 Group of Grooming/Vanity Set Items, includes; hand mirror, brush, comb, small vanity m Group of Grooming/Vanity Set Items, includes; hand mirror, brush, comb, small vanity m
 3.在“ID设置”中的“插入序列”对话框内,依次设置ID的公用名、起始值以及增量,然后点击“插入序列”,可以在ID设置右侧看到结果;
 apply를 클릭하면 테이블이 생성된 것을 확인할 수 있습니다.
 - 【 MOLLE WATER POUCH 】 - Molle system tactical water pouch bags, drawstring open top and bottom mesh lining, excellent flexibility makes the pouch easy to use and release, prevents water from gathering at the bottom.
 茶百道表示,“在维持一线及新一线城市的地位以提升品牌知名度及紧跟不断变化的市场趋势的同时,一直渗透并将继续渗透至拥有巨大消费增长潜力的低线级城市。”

--

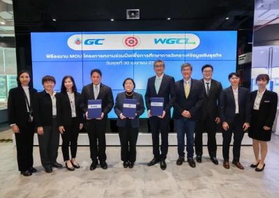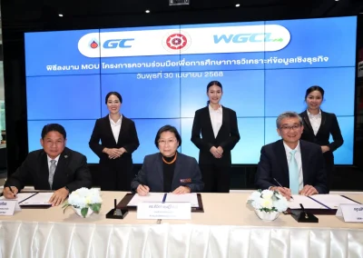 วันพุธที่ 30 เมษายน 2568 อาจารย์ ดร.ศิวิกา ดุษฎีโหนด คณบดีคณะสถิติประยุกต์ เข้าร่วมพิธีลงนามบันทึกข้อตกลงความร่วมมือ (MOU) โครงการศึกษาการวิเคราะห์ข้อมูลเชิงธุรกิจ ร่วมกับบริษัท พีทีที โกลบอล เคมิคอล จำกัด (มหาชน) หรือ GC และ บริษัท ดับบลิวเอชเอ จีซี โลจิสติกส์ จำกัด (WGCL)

Required action
Where the listing above reaches the line that contains "vanity m Group", start retyping, and finish with the line that contains "apply를 클릭하면 테이블이 생성된 것을 확인할 수 있습니다."; reproduce those lines exactly and no others.

Result of the task
 Group of Grooming/Vanity Set Items, includes; hand mirror, brush, comb, small vanity m Group of Grooming/Vanity Set Items, includes; hand mirror, brush, comb, small vanity m
 3.在“ID设置”中的“插入序列”对话框内,依次设置ID的公用名、起始值以及增量,然后点击“插入序列”,可以在ID设置右侧看到结果;
 apply를 클릭하면 테이블이 생성된 것을 확인할 수 있습니다.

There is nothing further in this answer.